Assignment | The lines to reproduce from the material below are those from the one containing "THÔNG SỐ KỸ" through the one containing "まずは番組恒例となったEXI", both included; write them out exactly and add nothing.

Extracted records |
-- -- --
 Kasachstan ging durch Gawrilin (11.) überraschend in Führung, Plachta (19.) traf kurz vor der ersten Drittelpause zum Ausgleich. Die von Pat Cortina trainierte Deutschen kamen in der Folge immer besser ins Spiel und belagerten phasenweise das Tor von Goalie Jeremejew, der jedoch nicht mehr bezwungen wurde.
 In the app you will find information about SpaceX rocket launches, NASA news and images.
-- -- --
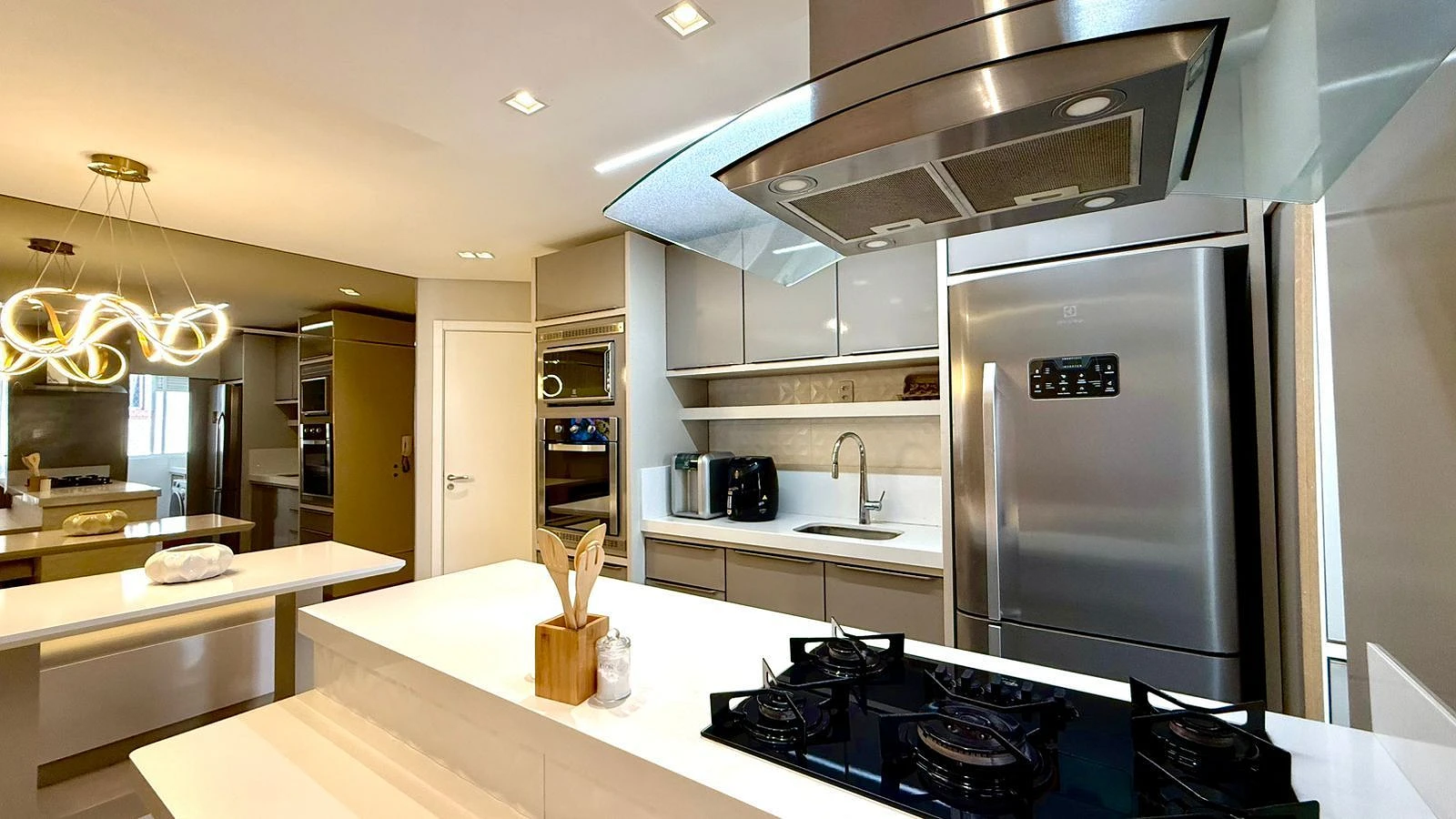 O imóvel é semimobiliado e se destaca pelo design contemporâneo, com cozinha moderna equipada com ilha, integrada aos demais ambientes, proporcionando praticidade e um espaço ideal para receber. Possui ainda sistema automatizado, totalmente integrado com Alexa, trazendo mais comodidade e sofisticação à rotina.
-- -- --
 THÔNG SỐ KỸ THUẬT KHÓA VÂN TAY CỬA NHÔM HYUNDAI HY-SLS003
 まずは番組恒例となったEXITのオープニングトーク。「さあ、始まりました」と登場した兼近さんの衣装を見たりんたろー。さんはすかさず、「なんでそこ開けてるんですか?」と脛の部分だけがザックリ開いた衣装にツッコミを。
-- -- --
Reply |
 THÔNG SỐ KỸ THUẬT KHÓA VÂN TAY CỬA NHÔM HYUNDAI HY-SLS003
 まずは番組恒例となったEXITのオープニングトーク。「さあ、始まりました」と登場した兼近さんの衣装を見たりんたろー。さんはすかさず、「なんでそこ開けてるんですか?」と脛の部分だけがザックリ開いた衣装にツッコミを。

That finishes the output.